Five dialysis centres (₹50 lakh) with five units each will be set up at government and trust hospitals through global grants and CSR funds. Jhunjhunuwala wants to do 10 Happy Schools. Around 2,500 women will be trained and certified at the 30 Rotary Singer Vocational Centres. “They run three and six-month courses, after which exams are held and certificates given.” He aims to collect $500,000 for TRF. He joined Rotary in 2003 inspired by his father Ashok Jhunjhunuwala, also a Rotarian. “As a child, I accompanied my father to club meetings and volunteered in service projects.” Mega projects and fellowship are two features of Rotary that he adores.

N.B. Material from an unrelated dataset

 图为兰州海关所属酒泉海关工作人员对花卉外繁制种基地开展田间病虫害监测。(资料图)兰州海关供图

Saving youth from drug abuse his focus
Weaning away the young from drug addiction is the top priority of Gulbahar Singh Retole. “Clubs will hold workshops and awareness sessions at schools, colleges under the Project Be Aware of Addiction.” The youth will be educated on how to alert the police when they see a drug peddler or witness substance abuse.

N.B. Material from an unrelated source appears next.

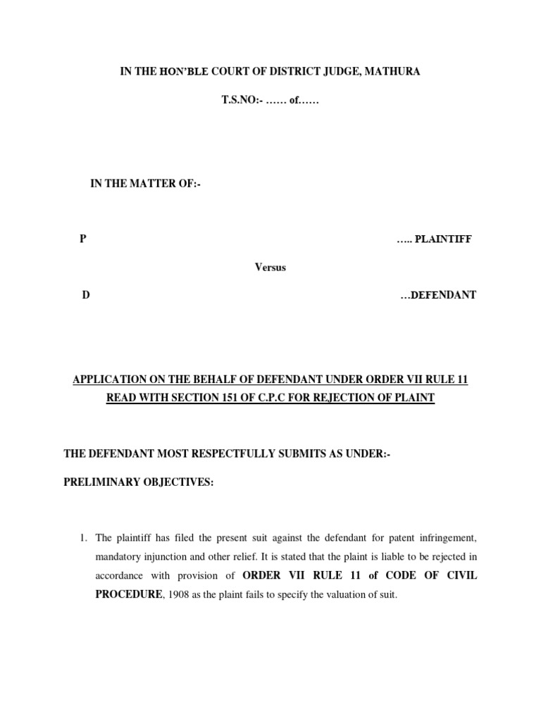 APPLICATION ON THE BEHALF OF DEFENDANT UNDER ORDER VII RULE 11

Singh aims to charter 10 new clubs (four already formed) to take the total to 114; and induct 250 Rotarians to raise their count to over 2,750. Among the 40 Rotaract clubs, only 20 are active and “I will add 50 new Rotaractors.” Project Going to School will motivate less privileged families to send their children to school. “First, workshops for clubs will deal with school dropouts. We will tell parents from disadvantaged families to send their wards to school to keep them away from criminal activities,” he says. Rtn N S Sodhi is the project chair and “he will lead Project Care of Senior Citizens which will provide food, clothing and medicines to elderly couples neglected by their children.” Around 100 health camps and 50 breast and cervical cancer detection camps are targeted.
A government school at Bhiwani has done TEACH projects. His target for TRF giving is $175,000 and the 25-member CoG is working on GG projects. He joined Rotary in 2006 inspired by his father, the late Rtn Harminder Singh Retole. “Serving the communities gives me great satisfaction,” he adds.